We’re not accustomed to seeing Atlanta teams play like this when it matters most, but by the time these Hawks are done they might have reconfigured the way we — and the world — view Atlanta sports. Trae Young, their shining star, missed 18 of 23 shots in a Game 7 on the road, and still he steered his callow club to a 103-96 victory over the East’s No. 1 seed.

That’s not supposed to happen. Young and his team made it happen. Oh, and where’s Luka Doncic? Is his team still playing? (Answer: no.)

On this historic night off Pattison Avenue in the City of Brotherly Love, the other Hawks reminded us that, as much as this is Trae Young’s team, there’s more to it than Ice Trae. Kevin Huerter, taken later in Round 1 on the 2018 night this franchise acquired Young for Doncic, hit the game’s first basket and nearly all the big ones from thereon, finishing with 27 points.

John Collins played big. Clint Capela kept slamming home Young’s lobs. (The point guard finished with 10 assists.) Danilo Gallinari made huge 3-pointers and, in the moment that washed away all doubt, wrested the ball from the fearsome Joel Embiid and fled to the clinching dunk of a classic series. When last this franchise graced a series so compelling, the 1988 Hawks lost Game 6 at home by two points and Game 7 in Boston Garden, also by two. This team tripped over a similar Game 6, but they never let Game 7 get away. They needed it more.

Said Nate McMillan, who on Feb. 28 was an assistant coach on a 14-20 team: “I can’t believe how calm I was through this game, but I knew they were going to give me everything they had.”

Then: “I felt like they were built for this moment, to win this game.”

On March 1, the Hawks fired Lloyd Pierce, the coach they’d hired to shepherd this young bunch. They promoted McMillan, a proud pro, and somehow an apparently mismatched bunch became a real team. They spent the first part of this season blowing leads. They spent the past week overcoming two huge deficits and facing down the 76ers in a Game 7 that for 46 minutes twisted in the wind.

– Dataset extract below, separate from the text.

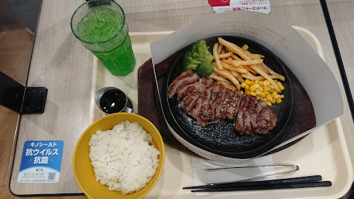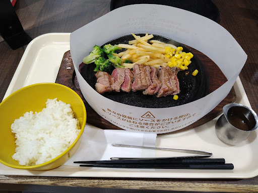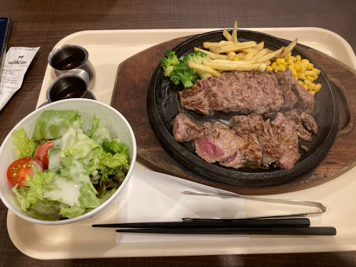 Read more手頃な値段でステーキを楽しめるフードコート内にあるお店です。鉄板にのせられたジュージュー音を立ててる熱々のステーキが提供され、好みで焼き具合を仕上げられます。ソースも何種類かの中から選べて、ご飯はサラダに変更することができてます。 高級なお肉では無いですが、焼きたて熱々のステーキがこの値段で食べられるのは嬉しいですね。 フードコート内のお店なので週末や休日は沢山の人の喧騒にまいりますが、平日は空いていることが多いので比較的静かに食事を楽しめます。 たまにがっつりお肉を食べたくなった時...

Hawks guard Trae Young drops in a floater for two points against the Philadelphia 76ers at the end of the third quarter of Game 7 of the Eastern Conference semifinals Sunday, June 20, 2021, in Philadelphia. (Curtis Compton / Curtis.Compton@ajc.com)
Caption
Hawks guard Trae Young drops in a floater for two points against the Philadelphia 76ers at the end of the third quarter of Game 7 of the Eastern Conference semifinals Sunday, June 20, 2021, in Philadelphia. (Curtis Compton / Curtis.Compton@ajc.com)

Credit: Curtis Compton / Curtis.Compton@

Credit: Curtis Compton / Curtis.Compton@

And then it didn’t. Young hit a floater to put the Hawks up two. Embiid tied it. Huerter hit over Seth Curry to untie it forever. Ben Simmons drove for what should have been the tying dunk, but Simmons is such a reluctant shooter that he passed to Matisse Thybulle instead. Collins fouled Thybulle, who missed one of two free throws. Young found Capela for yet another lob dunk.

Then Young hit a 29-footer to make it a six-point game. Then Huerter drew a three-shot foul from Thybulle and didn’t miss. Then Gallinari stole the ball. After seven games and 15 days, the Hawks had proved their point. They were better than the East’s No. 1 seed. After a four-year rebuild, they’ve crashed the big time.

Said McMillan: “It starts with our point guard. Trae plays that style of basketball.”

Said Sixers coach Doc Rivers: “He had six turnovers tonight and was 5-for-23, but the fact that we had to give him so much attention allowed other guys to get off. He is definitely their guy. He’s having a heck of a run.”

Only a fearless team with a fearless floor leader could have done as this one has — win five road games over two series. “I loved the whole thing,” Young said, “even the (trash-)talking. We’ve got two (series victories).”

Next up: The Milwaukee Bucks, as coached by Mike Budenholzer, who coached the Hawks the only other time they’d reached the Eastern finals. That was in 2015. Those Hawks were promptly dispatched in four games by Cleveland and LeBron James. First prediction: No way this team gets swept. Second prediction: Hawks in six.

Sorry. This is getting way ahead of ourselves, but after this series and this Game 7 the Hawks’ future appears limitless. “It took a lot of losses for us to get here,” Young said. “For us guys who’ve been through this rebuild, this is a lot better. And the best thing is, this is just the beginning.”

We live in Atlanta, where dreams of glory go to wither. The weird part about the Hawks’ rise is that it has happened so fast we haven’t had a chance to become doubters. If some saw the Game 6 loss as yet another in a series of civic flops, it was only because we’ve been conditioned to such kneejerk responses. But if you looked hard, nothing about these Hawks has seemed Atlanta-like.

They weren’t afraid of heading back to Philly because they’d won there twice already. Nothing about the Sixers frightened them because — let’s face it — if the No. 1 seed was all that great it wouldn’t have blown leads of 18 and 26 points in the span of three days. And that’s the thing about these Hawks: Nothing frightens them. That starts with Young, who on what could have been a horrid night kept pushing and pushed so hard he hauled his team over the line that separates conference finalists from Round 2 losers.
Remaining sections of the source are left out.